Strides and Hills
I've recently incorporated a minor tweak into my training routine, which already seems to help. I got the idea from an article by Marc Bloom on ESPN about the hugely successful North Shore (NY) High School Girls distance program coached by Neal Levy. Unlike many programs that are very interval-oriented, Levy has his runners incorporate strides at the end of runs on some days and run hilly courses on other days. The only fast stuff they do are their races! This quote sums it up:
The North Shore training mix is a peon to old-school thinking. It’s short on razzmatazz and long on development. It’s not the stuff of clinics, not if you’re looking for the new hot workout. The basics, through summer, fall, winter, etc., as Levy said, are: (1) Run 10 days straight, then take a day off; (2) run hills three times a week in a 65-minute road run in which you do 10 minutes on the flat, 45 minutes on a hilly route (pushing the up hills, easing off on the down hills), then finish with 10 minutes on the flats; (3) other days run 45 to 65 minutes on the flat followed by 8 x 30-second strides; (4) do one longer run of 90 minutes in the 10-day cycle.
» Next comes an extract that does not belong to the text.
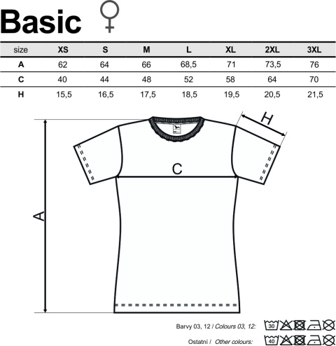 T-Shirt damski z krótkim rękawem to doskonała propozycja dla kobiet. Bez bocznych szwów, zapewniający wygodę i komfort noszenia. Dodatkowo posiada podwójne szwy na ramionach, co zwiększa jego trwałość. Wzmocniony lycrą ściągacz oraz taśma wzmacniająca gwarantują, że ubranie będzie służyć przez długi czas. Wykonany z 100% bawełny, stabilizowanej dla lepszego kształtu. Gramatura wynosi 160g, co sprawia, że koszulka jest lekka i przyjemna w noszeniu. Idealna propozycja dla aktywnych kobiet !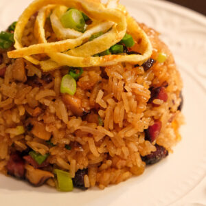 Then add in the Chinese mushrooms, dried shrimp, and shallots. Give it a good mix.

With that approach in mind I've started to incorporate 6 x 30 seconds at 3K/5K effort near the end of my easy 8 milers in the neighborhood (very flat terrain) and today was my first stab at a hill run where I repeated a hilly 2 mile segment in the metro park four times, hitting 8 hills ranging from about 150 - 300 meters. I didn't sprint the hills but pushed into the higher end of my aerobic hear rate zone trying to focus on form and stay smooth. Unlike the North Shore gals, I will continue with my regular tempo runs though as I do not race near as often as high school and college runners do. As I tend to take a few days off each week my ideal would be two hill runs, two flat runs with strides and a race, tempo or interval workout for my hard workout.